Auch der Autobahnen- und Schnellstraßenbetreiber Asfinag beobachtet das Thema aufmerksam. In den vergangenen Jahren wurden viele Millionen Euro in die Infrastruktur von rund 50 Rastplätzen investiert. Dort gibt es zwar großzügige Sanitäranlagen, Snackund Kaffeeautomaten, aber keine Übernachtungsmöglichkeiten. Von den 90 Raststationen sind derzeit 19 mit einem Hotel ausgestattet. „Allerdings geht die derzeitige Preisgestaltung an der Zielgruppe der Lkw-Fahrer vorbei“, heißt es aus der Asfinag. Karl-Christian Petz, Leiter der Asfinag-Abteilung Raststationen und Liegenschaften, sagt: „Da kommt Bedarf auf uns zu. Wie groß die Nachfrage nach Nächtigungen durch Lkw-Fahrer sein wird, ist noch sehr schwer abzuschätzen.“Die Asfinag will daher in einem ersten Schritt nicht zu viel investieren. Mit ihren Pächtern seien Gespräche für eine aus Sicht der Asfinag einfache und rasch umzusetzende Lösung aufgenommen worden: Pro bestehendem Hotel sollen zwei oder drei „Low-Budget“Zimmer eingerichtet werden. „Das könnten beispielsweise mit Stockbetten ausgestattete Sechsbettzimmer sein, bei denen jedes Bett pro Nacht vermietet wird“, sagt Petz. Die Rastplätze seien zwar sehr gut ausgelastet, Herbergen mit Schlafkojen wären aber unrentabel, glaubt der Asfinag-Experte. „Die müsste man total subventionieren.“
Interessenvertreter Tropper ortet ein Akzeptanzproblem: „Ein LkwFahrer will gar nicht in ein billiges Hotelzimmer, wenn seine Fahrerkabine wie ein modernes Wohnzimmer ausgestattet ist – mit XL-Bett, Flatscreen und Kühlschrank. Das konterkariert doch den ursprünglichen Gedanken der Erholung.“Theoretisch könnte er dann gleich ein Zelt neben seinem Lkw aufstellen, sagte Tropper. Dass sich die Rastplätze zu unerwünschten Lagern entwickeln, will die Asfinag um jeden Preis verhindern. Diese seien gedacht als Ruheoasen auf Zeit, nicht als Campingplätze oder Containerdörfer, um sich dort mehrere Tage niederzulassen.
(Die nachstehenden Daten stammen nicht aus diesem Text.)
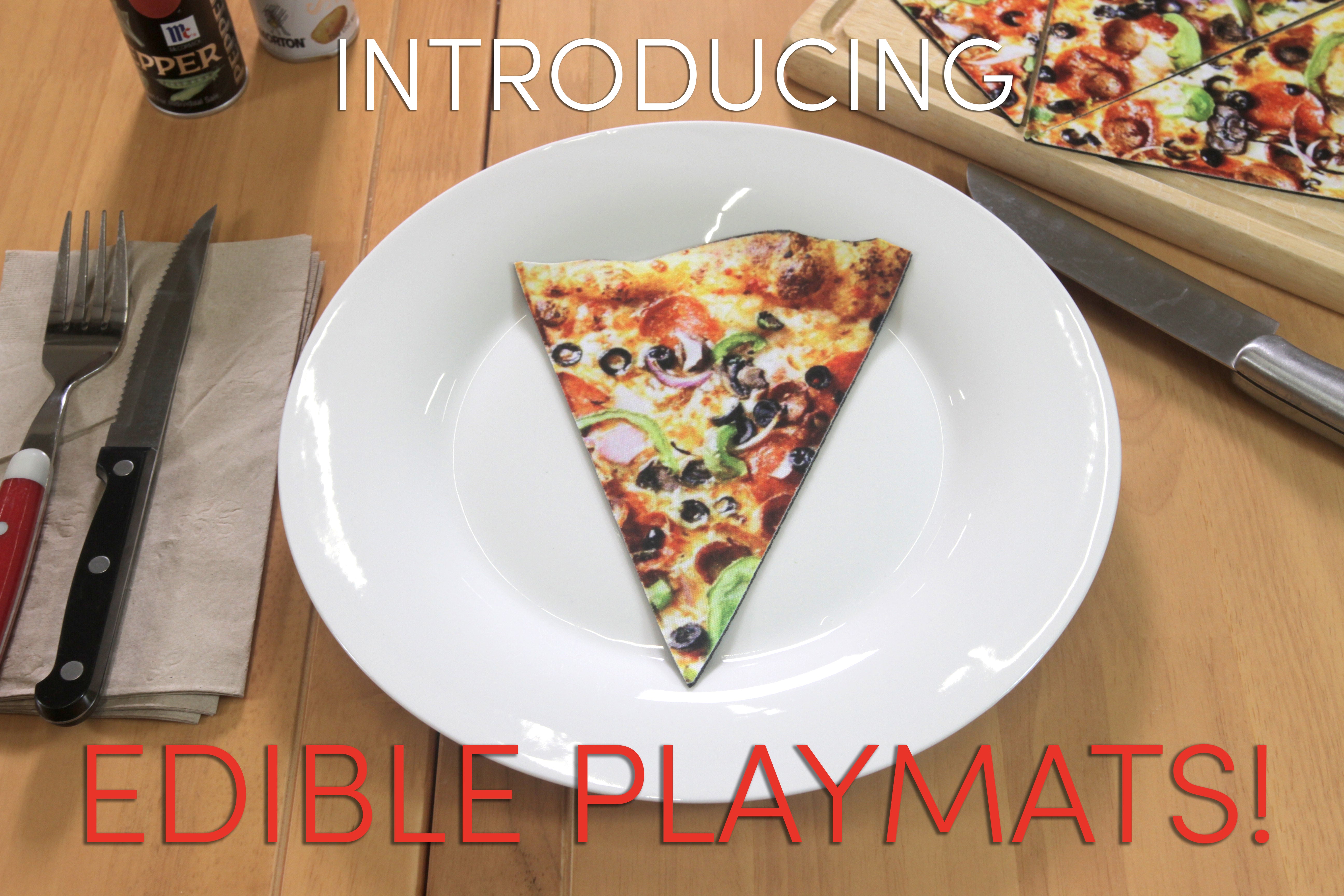 Ordering one of our brand-new edible playmats is no more difficult than ordering any of our other fine products. Currently, the edible option is only available for custom playmats, but may soon be adapted to our other products depending on the popularity of the edible upgrade! All you need to do is go to the custom playmat page, upload your art, and click the "edible" option in the upgrades list. BE SURE TO USE THE CODE NOMNOM10 FOR 10% OFF YOUR ORDER!!! Once you add the order to your cart, our Designs Team and our Skunkworks R&D Team will collaborate to design the best possible flavor-match to your mat, and ship it right to your door with the speed and quality you've come to expect from us.
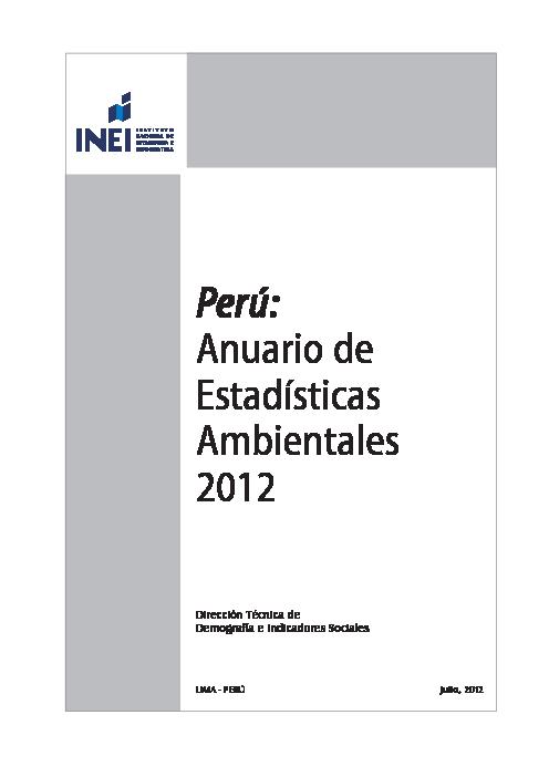 Instituto Nacional de Estadística e Informática (INEI) en cumplimiento de uno de sus objetivos de proporcionar información estadística confiable y oportuna, pone a disposición del público usuario el "Anuario de Estadísticas Ambientales, 2012", documento elaborado sobre la base de la información estadística ambiental generada por las Instituciones Públicas dedicadas a su estudio.

Für die Wirtschaftskammer geht es auch um Haftungsfragen. Schließlich trage ein Lkw-Lenker Verantwortung für sein Ladegut. Was passiert bei Warendiebstahl, während der Fahrer seine Ruhezeit abseits in einem Hotel verbringt?
In der Praxis kontrolliert die Polizei in Österreich Lkw ausschließlich im fließenden Verkehr, nicht im ruhenden. Für die Beamten wäre der Kontrollaufwand enorm, müssten sie Nachweise von Beherbergungsbetrieben überprüfen, heißt es hinter vorgehaltener Hand.
Die offizielle Sprachregelung lautet: „Es wird stichprobenartig kontrolliert.“Im Vorjahr hat die Polizei bei knapp 129.000 Lenkerkontrollen 4980 Verstöße gegen die Einhaltung der wöchentlichen Ruhezeit festgestellt. „Die Aufzeichnungen geben aber darüber keine Auskunft, inwieweit es sich dabei um das Verbringen der wöchentlichen Ruhezeit im Führerhaus handelt. Es ist davon auszugehen, dass Letzteres nur die wenigsten Fälle betrifft“, sagt Karl-Heinz Grundböck, Sprecher des Innenministeriums.